__Exercise requirements__: In the material below, find the span from the line with "как выглядит Elegant" to the line with "福海訊(通訊員 馬冬玲)近日" and transcribe only those lines, exactly, ends included, without the pictures.

__Records for the task__:
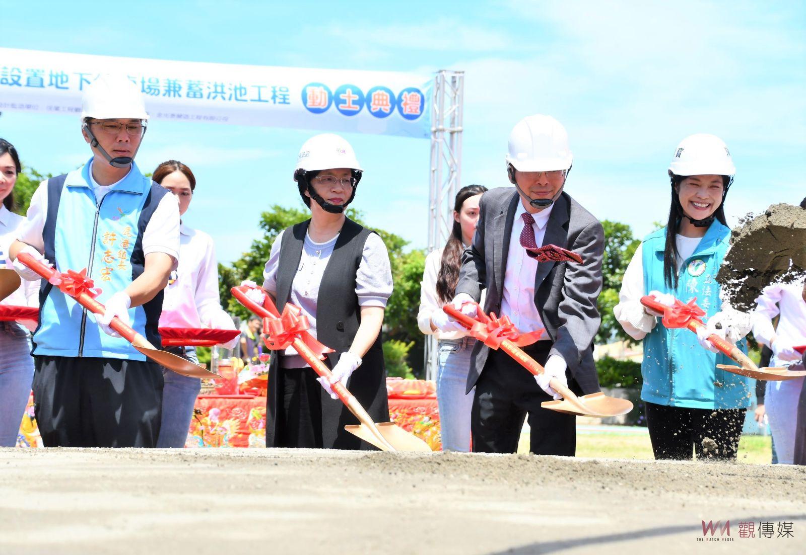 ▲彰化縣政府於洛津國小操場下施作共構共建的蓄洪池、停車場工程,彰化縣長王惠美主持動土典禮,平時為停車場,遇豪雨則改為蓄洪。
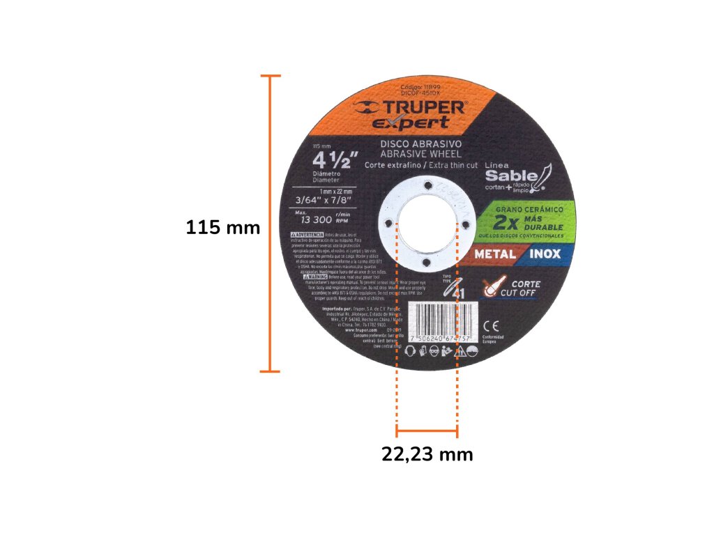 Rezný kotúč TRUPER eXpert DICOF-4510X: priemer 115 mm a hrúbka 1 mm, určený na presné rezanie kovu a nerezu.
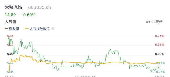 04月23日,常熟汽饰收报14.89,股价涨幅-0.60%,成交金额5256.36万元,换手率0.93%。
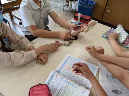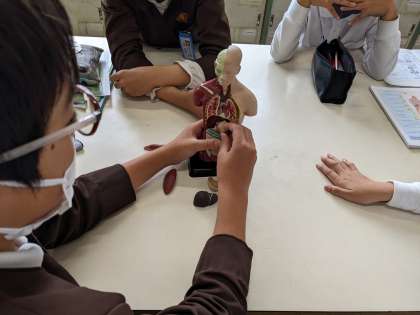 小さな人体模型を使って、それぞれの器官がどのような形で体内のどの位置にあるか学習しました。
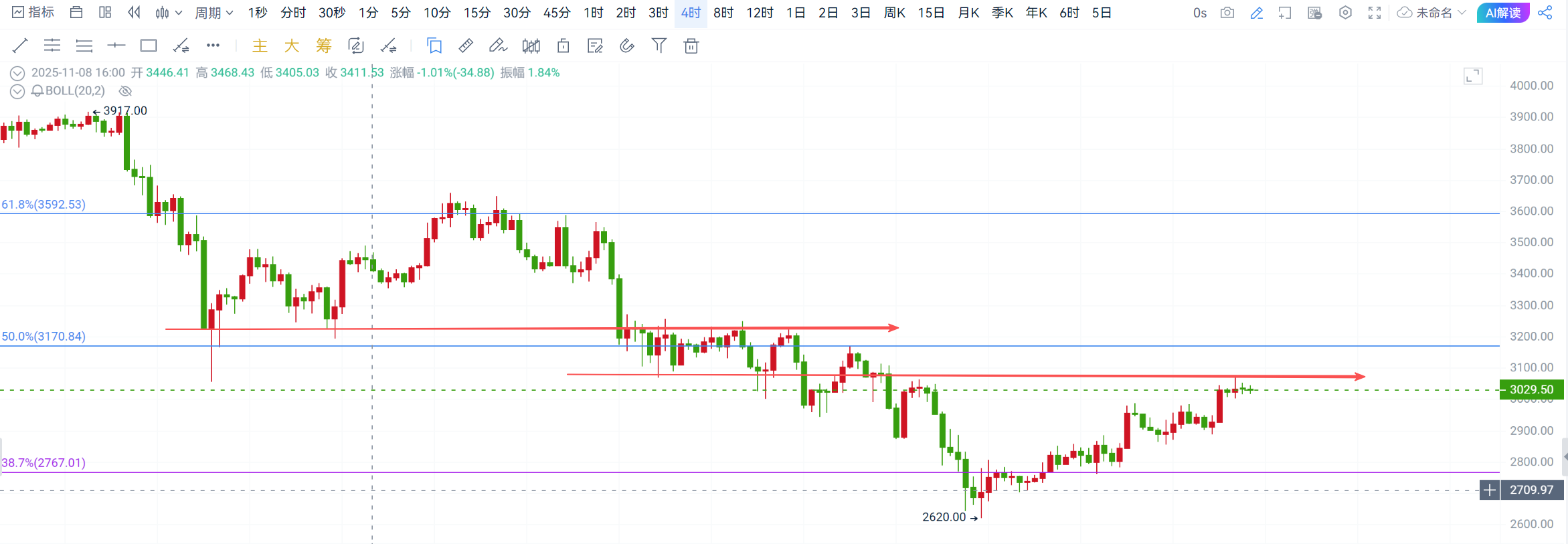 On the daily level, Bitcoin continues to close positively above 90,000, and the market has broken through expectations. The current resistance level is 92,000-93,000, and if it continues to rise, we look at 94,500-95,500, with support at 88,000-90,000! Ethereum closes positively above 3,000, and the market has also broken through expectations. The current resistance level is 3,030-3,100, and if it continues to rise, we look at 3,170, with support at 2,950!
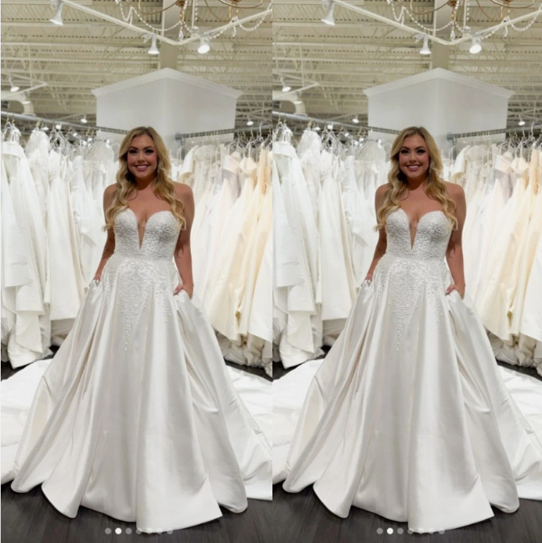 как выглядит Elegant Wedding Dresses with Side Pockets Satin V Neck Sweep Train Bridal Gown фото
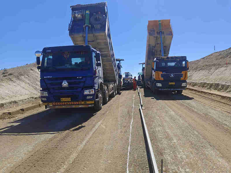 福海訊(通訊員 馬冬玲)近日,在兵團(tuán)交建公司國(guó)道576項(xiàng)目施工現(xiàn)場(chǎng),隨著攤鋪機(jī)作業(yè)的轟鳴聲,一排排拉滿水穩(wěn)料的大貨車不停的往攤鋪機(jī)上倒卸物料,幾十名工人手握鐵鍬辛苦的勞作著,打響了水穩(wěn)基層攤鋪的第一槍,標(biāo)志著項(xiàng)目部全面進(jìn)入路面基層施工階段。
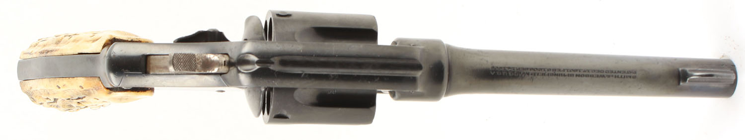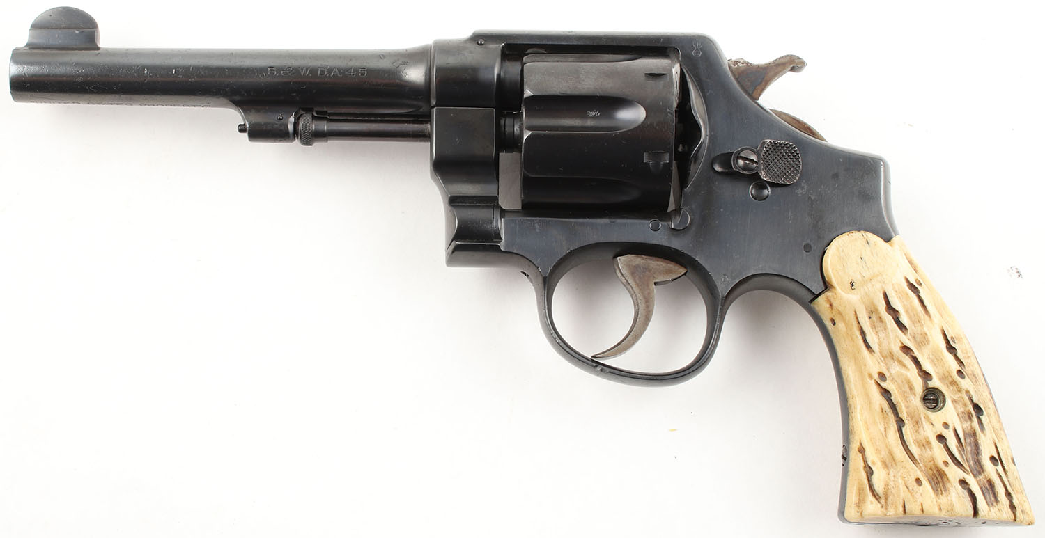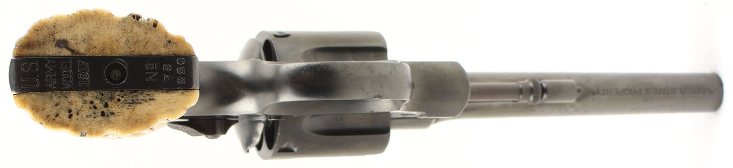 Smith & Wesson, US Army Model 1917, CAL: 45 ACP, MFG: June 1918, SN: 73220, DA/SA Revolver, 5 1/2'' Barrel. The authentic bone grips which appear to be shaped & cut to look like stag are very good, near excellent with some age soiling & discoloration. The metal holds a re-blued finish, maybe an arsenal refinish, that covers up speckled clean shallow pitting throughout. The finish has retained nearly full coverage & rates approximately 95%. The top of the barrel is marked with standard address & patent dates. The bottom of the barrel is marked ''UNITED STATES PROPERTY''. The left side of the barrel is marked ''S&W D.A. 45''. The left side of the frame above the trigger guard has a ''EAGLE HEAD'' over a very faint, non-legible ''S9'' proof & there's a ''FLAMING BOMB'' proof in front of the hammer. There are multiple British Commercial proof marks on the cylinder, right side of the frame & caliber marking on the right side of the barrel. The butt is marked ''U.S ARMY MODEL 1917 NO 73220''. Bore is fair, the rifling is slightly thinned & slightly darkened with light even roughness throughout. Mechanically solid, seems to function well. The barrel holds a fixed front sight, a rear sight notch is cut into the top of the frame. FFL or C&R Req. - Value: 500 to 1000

--

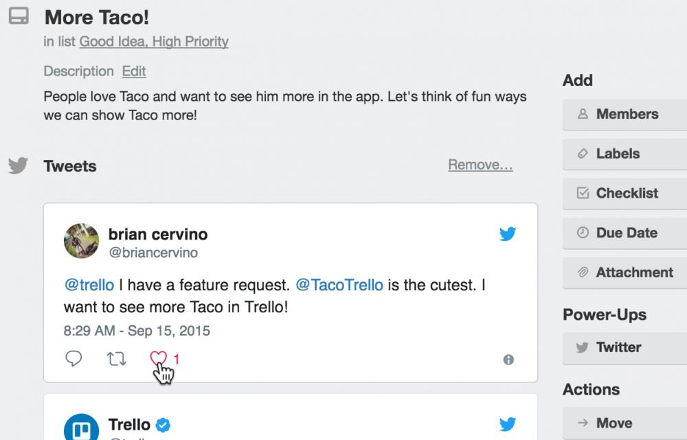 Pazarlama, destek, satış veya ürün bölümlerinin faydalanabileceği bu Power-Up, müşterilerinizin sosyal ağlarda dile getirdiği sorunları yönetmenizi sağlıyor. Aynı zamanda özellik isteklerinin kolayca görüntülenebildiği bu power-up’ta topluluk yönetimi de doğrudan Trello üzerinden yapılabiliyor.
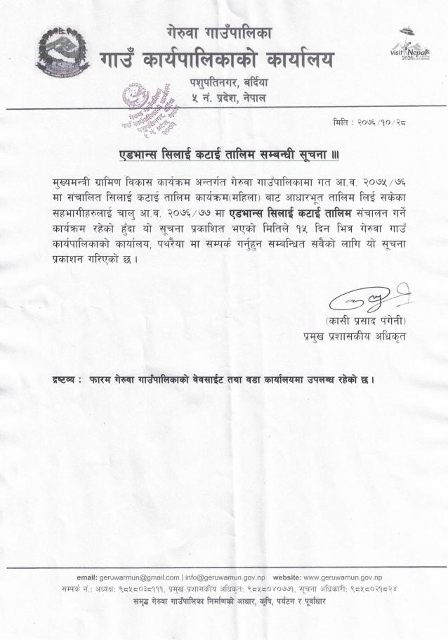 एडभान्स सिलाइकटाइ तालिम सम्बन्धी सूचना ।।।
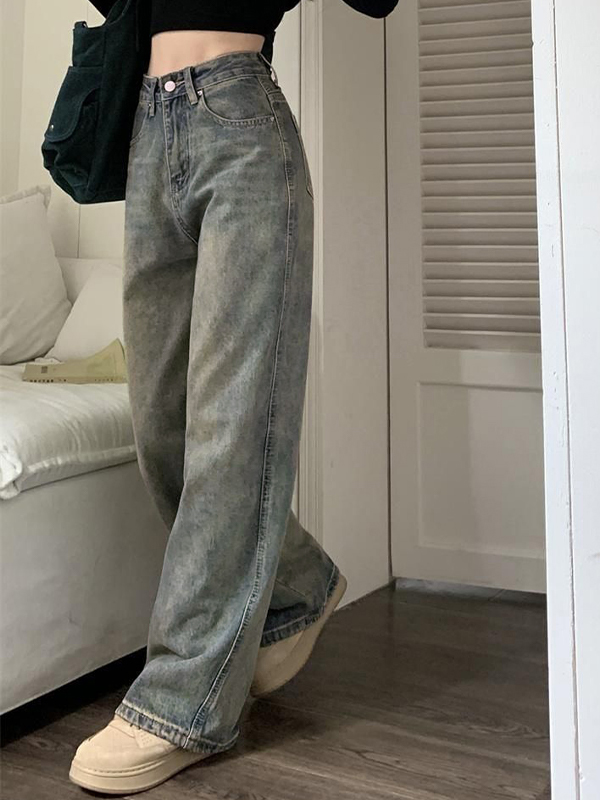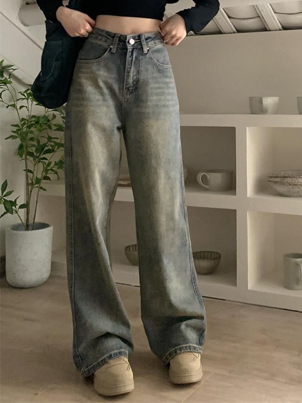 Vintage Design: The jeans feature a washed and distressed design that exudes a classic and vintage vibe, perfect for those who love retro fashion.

__Reply to the exercise__:
 как выглядит Elegant Wedding Dresses with Side Pockets Satin V Neck Sweep Train Bridal Gown фото
 福海訊(通訊員 馬冬玲)近日,在兵團(tuán)交建公司國(guó)道576項(xiàng)目施工現(xiàn)場(chǎng),隨著攤鋪機(jī)作業(yè)的轟鳴聲,一排排拉滿水穩(wěn)料的大貨車不停的往攤鋪機(jī)上倒卸物料,幾十名工人手握鐵鍬辛苦的勞作著,打響了水穩(wěn)基層攤鋪的第一槍,標(biāo)志著項(xiàng)目部全面進(jìn)入路面基層施工階段。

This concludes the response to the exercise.